One item that I did not see discussed is the effect of penalties, which are generally made in 5, 10, and 15 yard increments. This combined with the relatively standard 20 yard start position could have an enhancing effect, or be an alternate explanation for the phenomenon.
ex: The offensive team starts from the standard 20 yard line. Then during the first play, a pass is made, and "block in the back" is called against the defensive team. The penalty would be 10 yards, and would put the offensive team at the 30 yard line for the start of the play.
This is cool!
Couple notes - 1. If 'normal' plays have a tendency towards a 10/20/30 yard line, what about plays where the ball placement is challenged? Don't know if your dataset has this, but under your framework, we'd expect to see a more even distribution of placements because of increased attention, though probably still with spikes at the 1 yard line and goalline. 2. Even though it's probably intuitive, the unimodal distribution of ball placements was cool to see.

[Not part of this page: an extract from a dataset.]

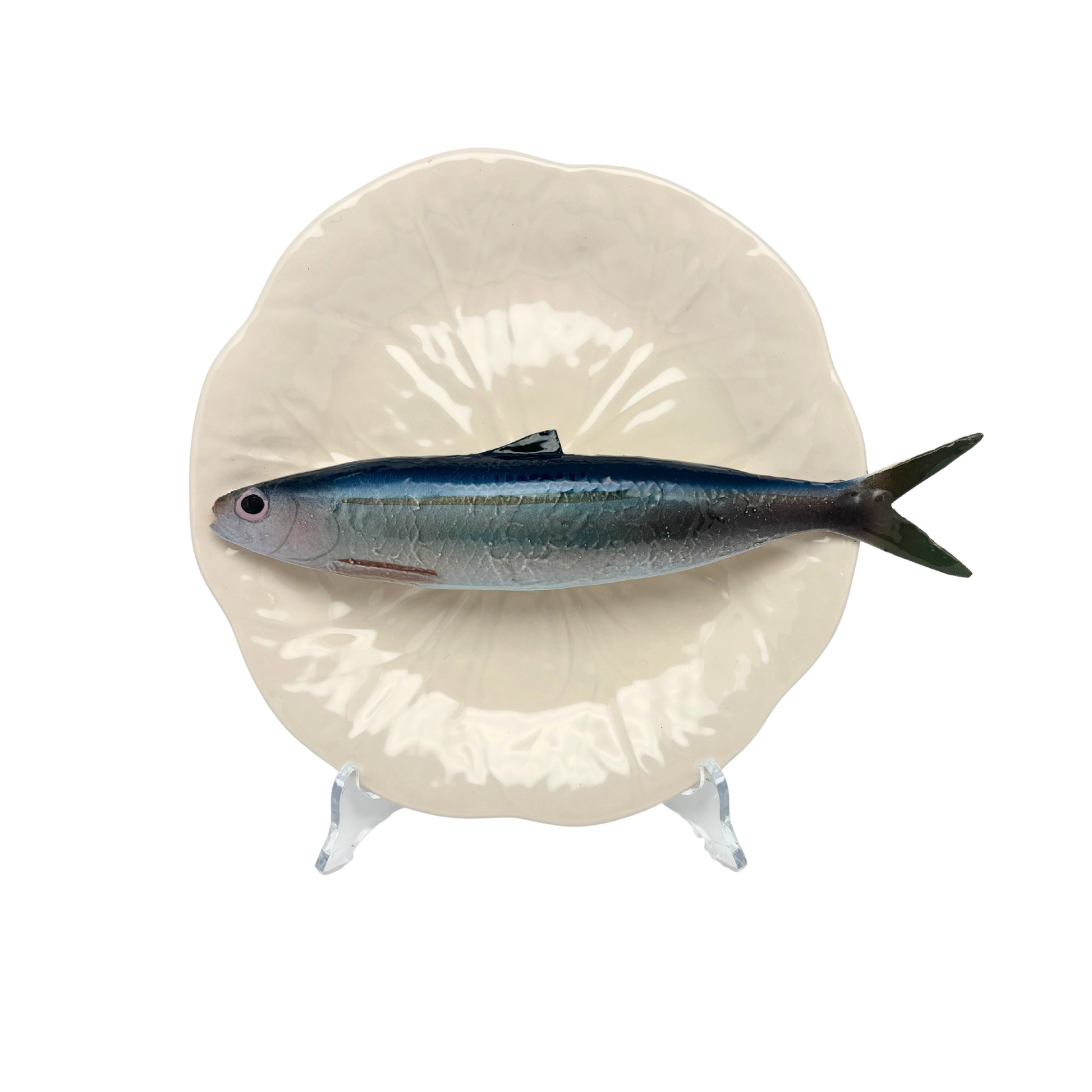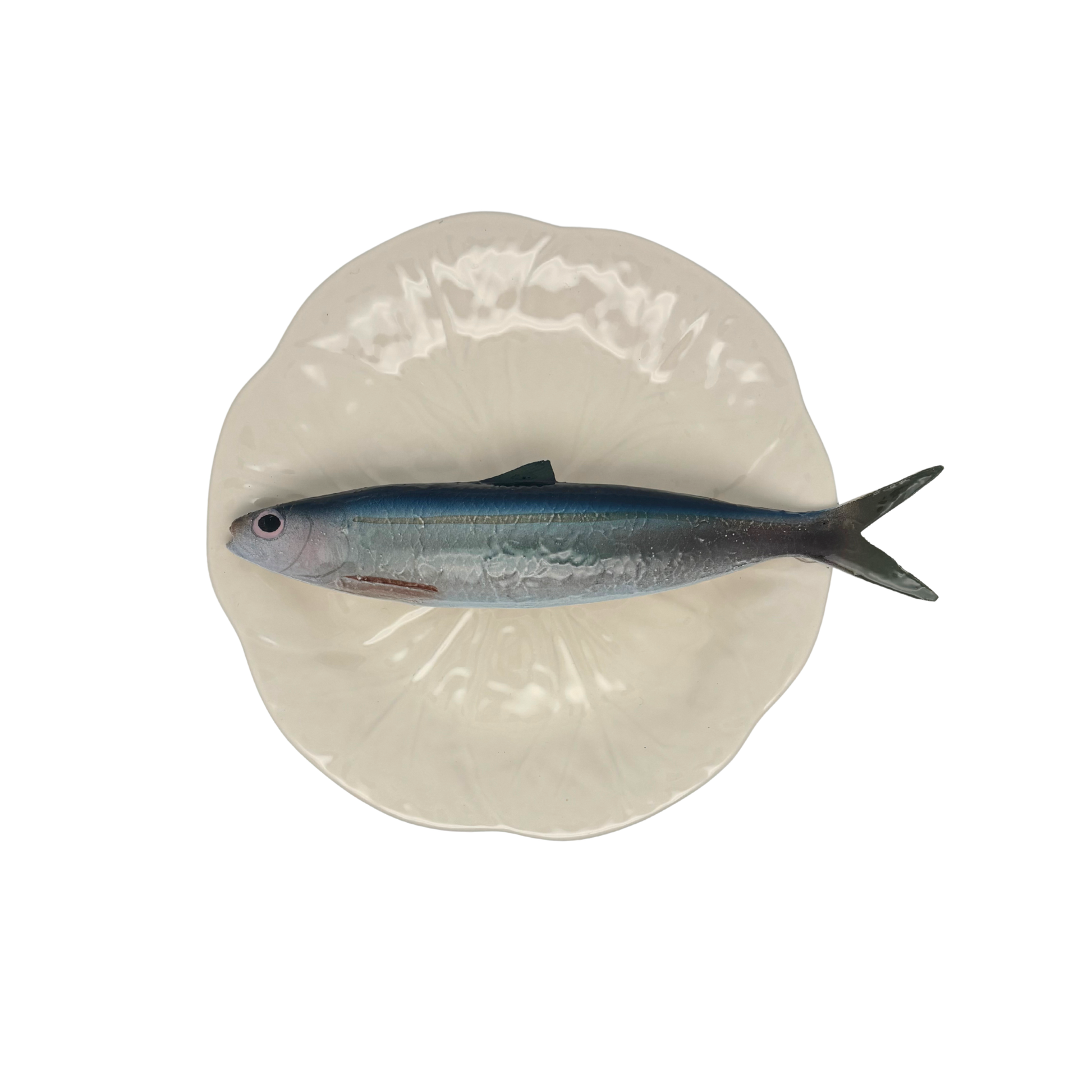 Alaccia/Haring op een créme bladvormig bord met lichte rand, 20 cm rond. Er zit een haakje aan de achterkant van het bord bevestigd en kan direct opgehangen worden.

This is actually true. But the numbers don't tell the entire story. Officials are trained to be biased towards a major yard line on change of possessions. Starting at a major line n these instances is insignificant to the drive. The upside being it is one less series where a measurement would ever be required.
It is a trade off of game flow (less measurements) vs a small inaccuracy where it doesn't matter.
Take a notice next game. A punt always gets spotted on a major yardline where possible. A punt inside the 10 of course would not be possible. Rounding from the 2 to the 5 would have a huge impact. Or if it lands and comes to rest directly between two major lines.